De voorzitter stelt voorop dat bij een verzoek om schorsing van de tenuitvoerlegging van een beslissing van de directeur slechts ruimte bestaat voor een voorlopige beoordeling. De zaak kan dus niet ten gronde worden onderzocht. De voorzitter beoordeelt alleen of de beslissing waartegen beklag is ingesteld in strijd is met een wettelijk voorschrift of dat deze zodanig onredelijk of onbillijk is dat er een spoedeisend belang is om op dit moment de (verdere) tenuitvoerlegging van die beslissing te schorsen.
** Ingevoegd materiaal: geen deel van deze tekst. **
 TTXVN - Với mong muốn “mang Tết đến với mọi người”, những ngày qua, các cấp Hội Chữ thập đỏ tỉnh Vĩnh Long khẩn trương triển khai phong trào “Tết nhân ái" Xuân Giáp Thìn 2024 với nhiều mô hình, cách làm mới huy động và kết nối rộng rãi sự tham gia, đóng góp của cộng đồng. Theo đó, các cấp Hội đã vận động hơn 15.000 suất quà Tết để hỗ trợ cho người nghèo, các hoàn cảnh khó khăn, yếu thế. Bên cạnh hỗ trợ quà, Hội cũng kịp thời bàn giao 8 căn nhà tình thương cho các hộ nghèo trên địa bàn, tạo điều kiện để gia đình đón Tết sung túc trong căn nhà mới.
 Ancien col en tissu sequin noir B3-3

Naar het oordeel van de voorzitter is dat het geval.

Namens verzoeker wordt gesteld dat de bestreden beslissing onterecht en te zwaar is. Uit de schriftelijke inlichtingen van de directeur komt naar voren dat verzoekers televisie in zijn cel hard aanstond terwijl hij aan het koken was in de keuken. Verzoeker werd hierop aangesproken door een medegedetineerde waarna hij op de medegedetineerde afstormde. Verzoeker heeft fysiek geweld gepleegd tegen de medegedetineerde waardoor deze een flinke schram op zijn voorhoofd heeft opgelopen. De directeur geeft aan dat door ingrijpen van het personeel erger is voorkomen. De directeur acht dit gedrag van verzoeker absoluut onacceptabel en hij heeft hierdoor de orde, rust en veiligheid ernstig verstoord. Voorts geeft de directeur aan dat wanneer de Sanctiekaart 2019 van toepassing zou zijn, voor dit strafwaardige gedrag een disciplinaire straf van maximaal veertien dagen opsluiting in een strafcel opgelegd zou kunnen worden. Volgens de directeur is de opgelegde ordemaatregel binnen deze bandbreedte.
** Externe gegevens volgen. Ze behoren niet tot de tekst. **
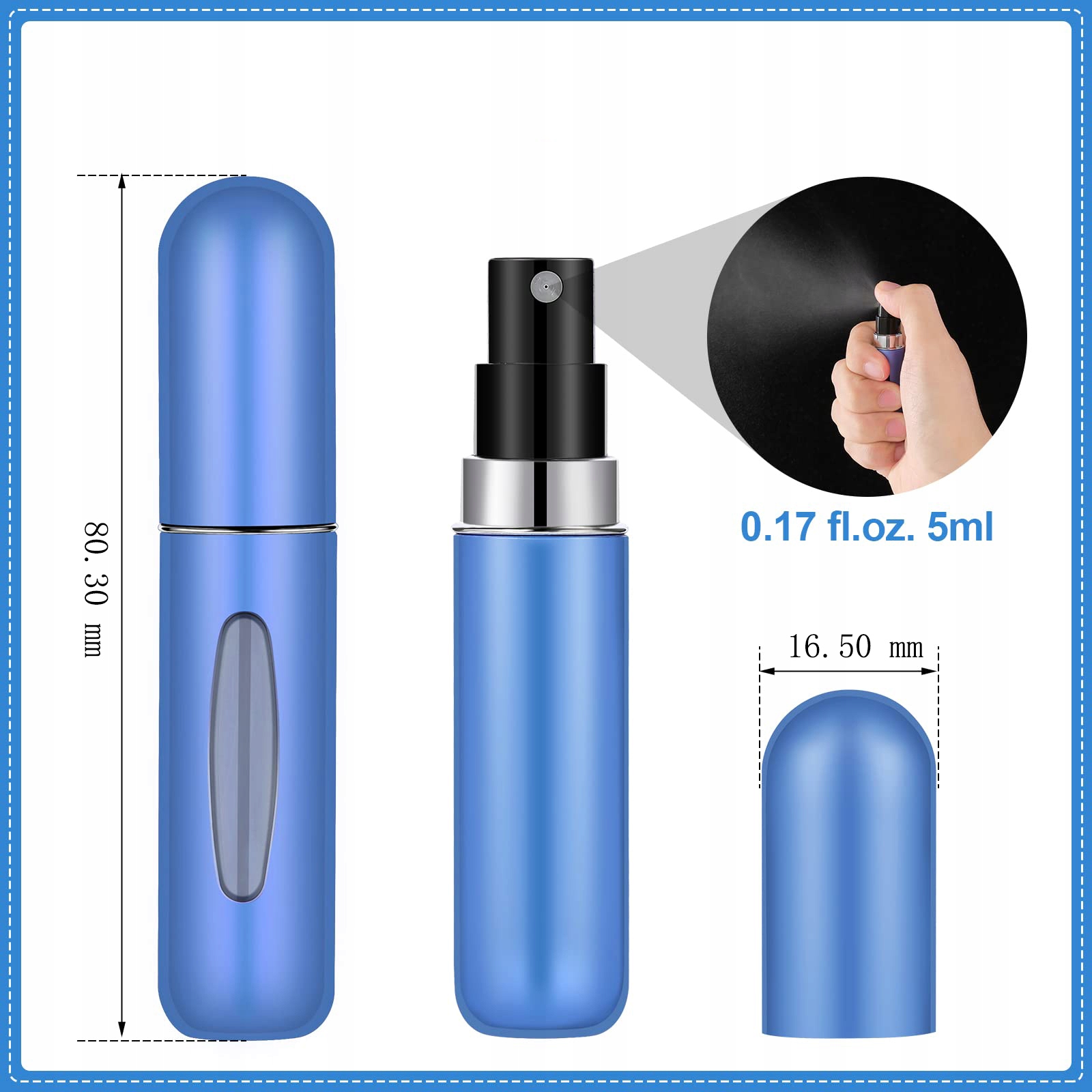 【ПУТЕШЕСТВЕННЫЕ ТУАЛЕТЫ】 Размер флаконов для духов Travel составляет 80,3 x 16,5 x 16,5 мм, а емкость – 5 мл. Легкий и прочный алюминиевый материал делает этот распылитель идеальным для размещения в сумочке или кармане. Легко и может использоваться практически со всеми стандартными флаконами для духов! Предметы первой необходимости для женщин. В дорожных распылителях должны быть дорожная косметика, дорожные флаконы для туалетных принадлежностей, мини-флаконы, гаджеты для женщин, парфюмерия для путешествий, многоразовые наполнители для чулок.

De voorzitter overweegt dat de directeur een ordemaatregel kon opleggen voor verzoekers gedrag. Echter, het is de voorzitter niet gebleken dat de voortzetting van de ordemaatregel in het belang van de handhaving van de orde of de veiligheid in de inrichting dan wel van een ongestoorde tenuitvoerlegging van de vrijheidsbeneming, of anderszins op dit moment nog noodzakelijk is. Uit de bestreden beslissing en de verwijzing naar de thans geldende Sanctiekaart 2019 begrijpt de voorzitter voorts dat de directeur verzoeker (tevens) een verwijt maakt en dat de opgelegde ordemaatregel (ook) het karakter van een disciplinaire straf heeft. Voorts volgt uit de thans geldende Sanctiekaart 2019 dat deze primair is geschreven voor gedetineerden in de reguliere regimes (arrestanten, huis van bewaring, gevangenis). De uitgangspunten zijn ook toepasbaar voor de doelgroep in bijv. een Inrichting voor Stelselmatige Daders of een PPC. Gelet op het voorgaande is de bestreden beslissing naar het voorlopig oordeel van de voorzitter onredelijk en onbillijk. Het verzoek zal worden toegewezen.

3. De uitspraak

De voorzitter wijst het verzoek toe en schorst de tenuitvoerlegging van de bestreden beslissing met onmiddellijke ingang tot het moment waarop de beklagcommissie op het onderliggende beklag heeft beslist.

Deze uitspraak is op 23 juli 2020 gegeven door mr. C.N. Dijkstra, voorzitter, bijgestaan door mr. S.C. Vogel, secretaris.